Восемнадцатый год от Каховки и до
Арабатской стрелки вымчал меня…
А другую такую ж прожгла любовь,
незаживающая голубая черта…
Вот эта стрела – с Маяковским бой
Охоту на тигра – означила та.
Понятно, что после декабря 1935 года печаталось: «с футуризмом бой». Гибель Маяковского оказалась тем рубежом в истории литературного конструктивизма, который этому течению не суждено было пережить. Продолжали, правда, выходить стихи и поэмы, создавалась видимость живой борьбы. Но не было больше новых стихов Маяковского – исчез и раздражитель, и повод творчества, исчезла опора и основа в жизни и в литературе. Хотя по отношению к конструктивистам это, на первый взгляд, и звучит парадоксально. Оставалось теперь два пути. Либо пережевывать старые споры (этого, в общем, и не было); либо продолжать писать о погибшем поэте как о живом. Только живого не было! Пришлось писать о мертвом. Так появилась поэма К. Митрейкина в 1931 году, стихи Арго в 1933-м. Никто уже не мешал ерничать, пародировать и т. д., но пародия при отсутствии реального смысла литературной деятельности явно не удавалась. То же, что последовало за декабрем 1935 года, уже история другого Маяковского, к реальному отношения не имеющая. Жестоко исполнилось желание Сельвинского писать о мертвом Маяковском как о живом. Это стало можно делать уже только про себя и целых 30 лет. На поверхности же были стихи о Маяковском и партии. Когда же стало можно говорить в открытую, это мало кому было нужно и понятно. К невеселой истории конструктивистов после 1930 года мы и переходим.
Основное сочинение Арго – штатного пародиста конструктивистов – на интересующую нас тему появилось в 1933 году, т. е. тогда же, когда и стихотворение Сельвинского, где он поминал «с Маяковским бой». Арго сочинил «Действительное происшествие, случившееся с автором в ночь с 29 на 30 декабря 1932 г., или ТО, ЧЕГО НЕ БЫЛО»[259]. Уже название не оставляет сомнений в том, что речь пойдет о Маяковском.
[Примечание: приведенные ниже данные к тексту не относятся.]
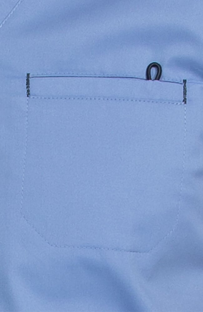 This comfortable men’s V-neck scrub top is made in E-Z Flex, a poly/cotton stretch fabric. From Med X, the 8471 is meant to be flattering with a slimmer fit. It has roomy welt pockets in the front and at the breast. The chest pocket has a badge holder.
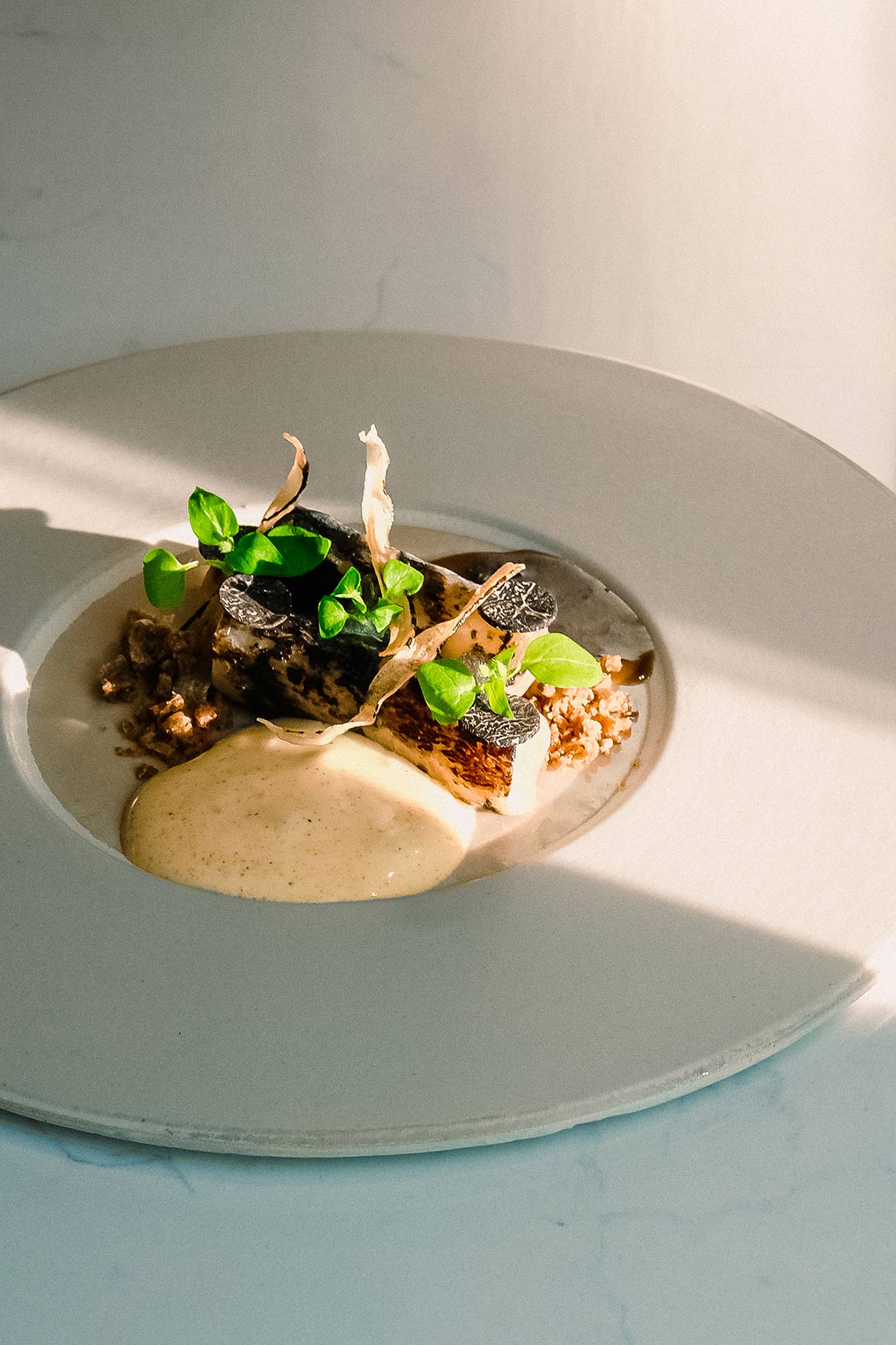 Du jus de bouillabaisse pour accompagner le rouget gravlax au travail de l’agneau, avec des odeurs saisissantes qui s’en dégagent, en passant par le soin réservé aux légumes, il devient difficile de désigner un plat favori. La puissance gustative de l’association salsifis-truffe nous emporte toutefois dans un tout autre monde. Le chef réussit une prouesse dans l’utilisation de ce produit noble qui s’accompagne d’une mousseline de beurre noisette pour l’onctuosité ou encore d’un gel de verjus pour la fraîcheur et le peps.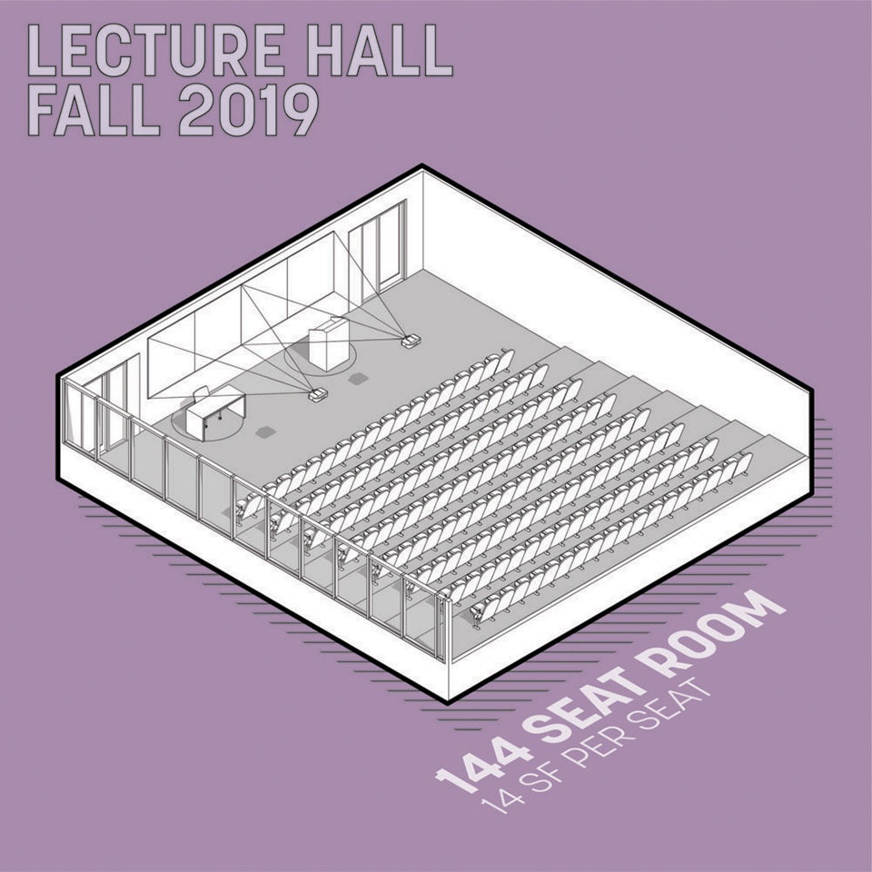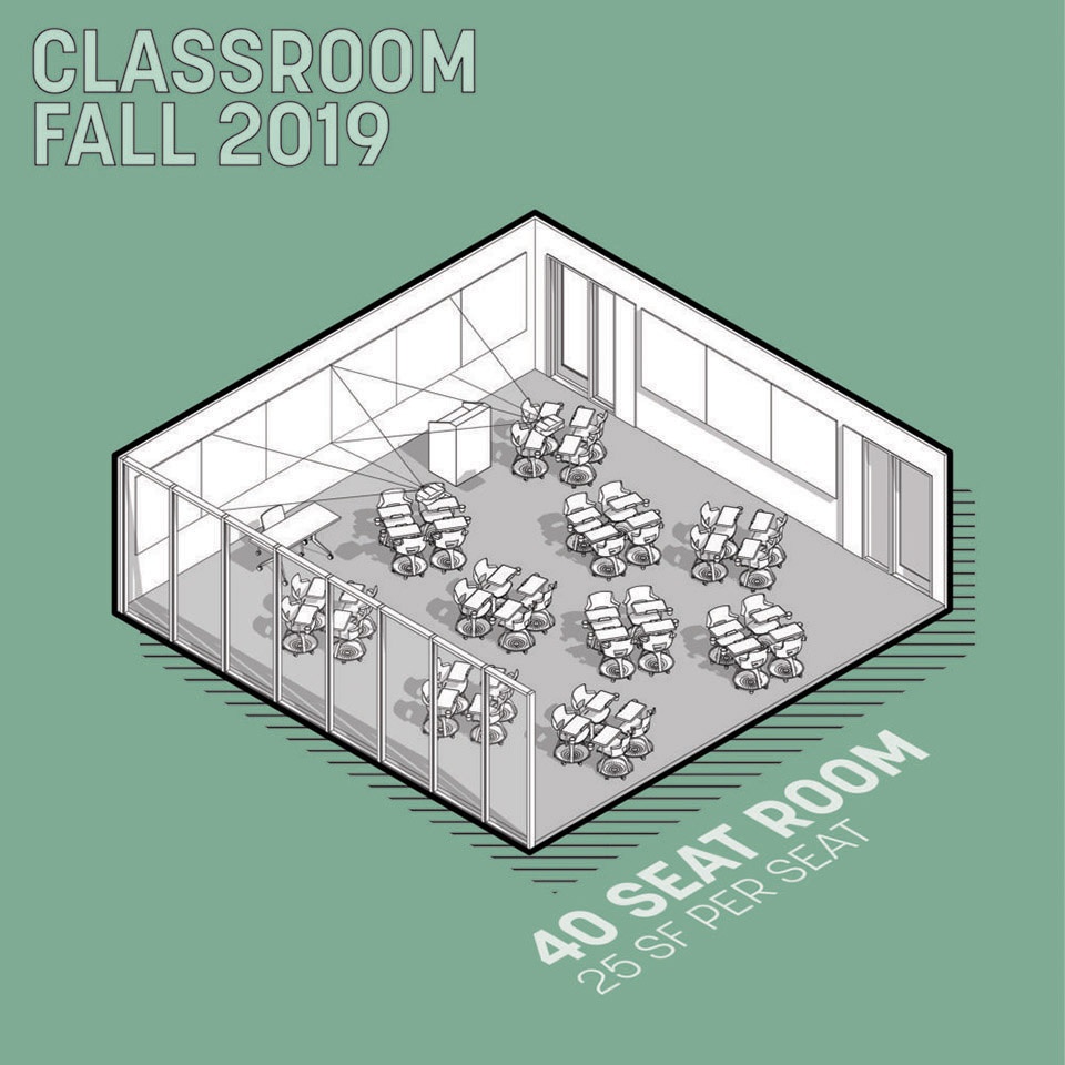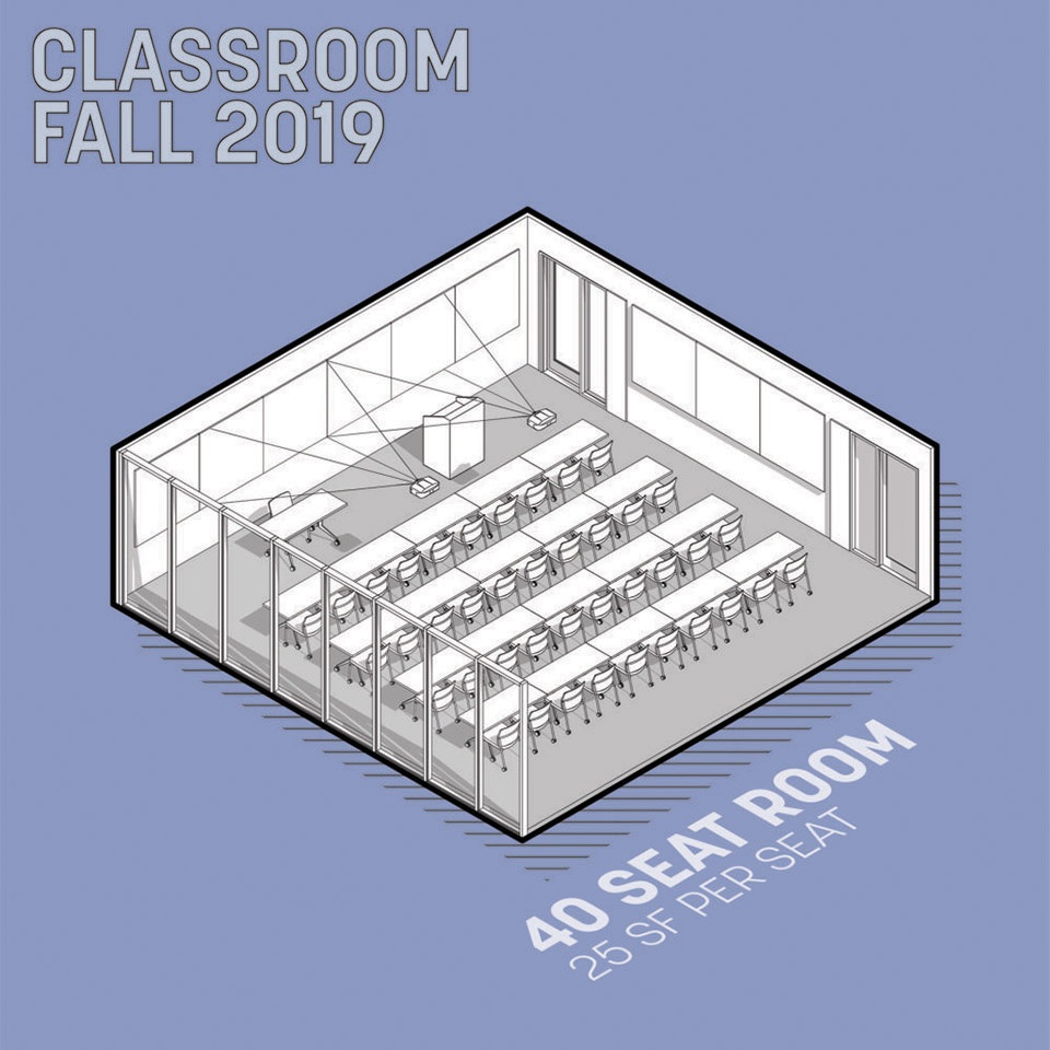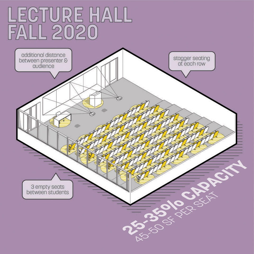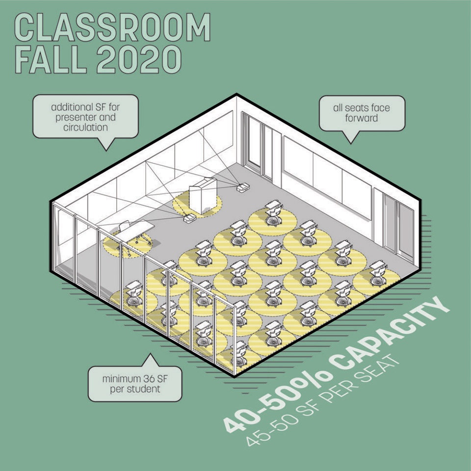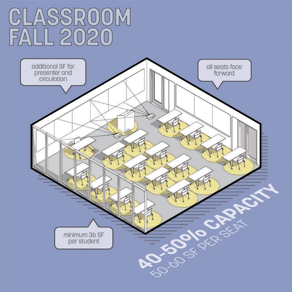 以演讲厅为例,一个144人的典型演讲厅每个座位的平均面积为14平方英尺(约1.3平米),如果每排错开并间隔三个空位,那么它的总容量只能维持25-35%。这样每个座位的空间增加了三倍,约40-50平方英尺(约3.7-4.6平米)。同时,一个典型的40人教室,每个座位平均面积25平方英尺(约2.3平米),在重新布置降低密度以满足新冠肺炎期间的规范时,只能保留40-50%的容量。

Сочинению предшествуют два эпиграфа:
Пускай могила меня накажет…
Бывшая народная песня
Но не хочу, о други, умирать.
Поразительно, но факт – перед нами пародия, использующая реалии похорон Маяковского! Причем приемы пародирования ничем не отличаются от обычных конструктивистских упражнений конца 20-х годов. Те же «прозрачные» намеки, назойливое использование названия поэмы «Хорошо!» и т. п.
Сюжет сводится к засыпанию «лирического» героя перед операцией аппендицита. В процессе чего он видит сон.
Итак:
И первым мазком эфира
Ошпарен и оглушен,
Я слышу из дальнего мира
Доносится:
Хорошо!
И грань проходя за гранью,
Отчетливо чувствую я
Последнюю грань Сознанья
И первую небытия.
Конечно, сочинение Арго преследует и чисто литературные цели. Например, продолжает борьбу конструктивистов за так называемую большую форму, но вновь при помощи реалий похорон Маяковского. Вспомним хотя бы многочисленные воспоминания об огромных подошвах Маяковского, выступавших из гроба.
Читаем Арго дальше:
И вижу я, как без ненужной тары
Мой утлый прах от пяток до щеки
Берут уже отнюдь не санитары,
А опытнейшие гробовщики.
Они неукоснительно проворно
Кладут меня во гроб
изделия МОСДРЕВ,
На коем гробе буквы
«Эм» и «Эф»,
Что означает:
«Малой формы»!
Мне в этот гроб войти не суждено!
Мне в том гробу невыносимо тесно.
Я протестую!..
Выпираю!
Но —
Кому понять покойничьи протесты!..
Я втиснут в гроб
и медленно плыву.
Курс – крематорий,
через всю Москву!..
По пути герой размышляет, как ни странно, все о том же – о последних днях Маяковского. Среди прочего, как известно, задерживалось издание собрания сочинений Маяковского. Это даже стало одной из тем письма Л.Ю. Брик Сталину.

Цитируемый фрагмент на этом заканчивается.